Connectionists: RS meeting on beyond symbols and signals
Peter Dayan
dayan at tue.mpg.de
Thu Sep 5 17:59:32 EDT 2024
Royal Society Discussion Meeting entitled Beyond the Symbols vs Signals
Debate, which will take place on 28-29th October 2024 at the Royal
Society in London:
https://royalsociety.org/science-events-and-lectures/2024/10/symbols-vs-signals/
There will be a poster session on Monday 28 October 2024. Attendees can
apply at the above link by 17th September 2024 to present a poster.
Building artificial intelligence systems that can emulate human
intelligence will need to draw on the complementary strengths of machine
learning and compositional reasoning, and take advantage of symbolic
knowledge as well as raw signals. This meeting aims to advance our
scientific understanding of how human learning, reasoning and cognition
can be brought to bear on the engineering foundations of AI.

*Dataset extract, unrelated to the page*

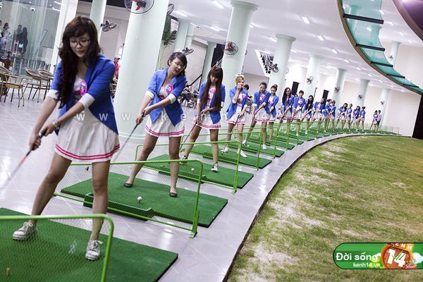 | Các thí sinh trổ tài chơi golf. |

The rapid progress of artificial intelligence in the past decade is
founded on deep learning, which excels at learning statistical patterns
from raw signal data. Neural networks are loosely based on neural
processes in the brain but the way they learn, requiring large amounts
of training data and relying on parameter optimisation via gradient
descent, is unlike the way the human brain learns, with humans being
able to learn effectively from few examples and utilise prior knowledge
in a flexible and adaptive manner. Conventional symbolic reasoning
founded on logic, on the other hand, has the advantage of being able to
reason compositionally, with robustness and rigorous guarantees, but is
often not compatible with raw data and lacks scalability. The
complementarity of the two approaches has long been recognised, leading
to scientific debates about their respective strengths and weaknesses
that featured under multiple guises: signals vs symbols, neural vs
symbolic, and statistical vs reasoning. Elements of this debate also
appear in the psychological literature on dual systems, such as the
notion of “System 1” and “System 2” popularised by Kahneman. Aspects
that are actively discussed in the AI community include whether either
approach is enough on its own to emulate human intelligence, and, if
not, how they can be combined to the best of their advantage. At the
same time, emerging developments in experimental neuroscience and
progress in computational modelling of human cognition offer valuable
new perspectives on engineered AI systems.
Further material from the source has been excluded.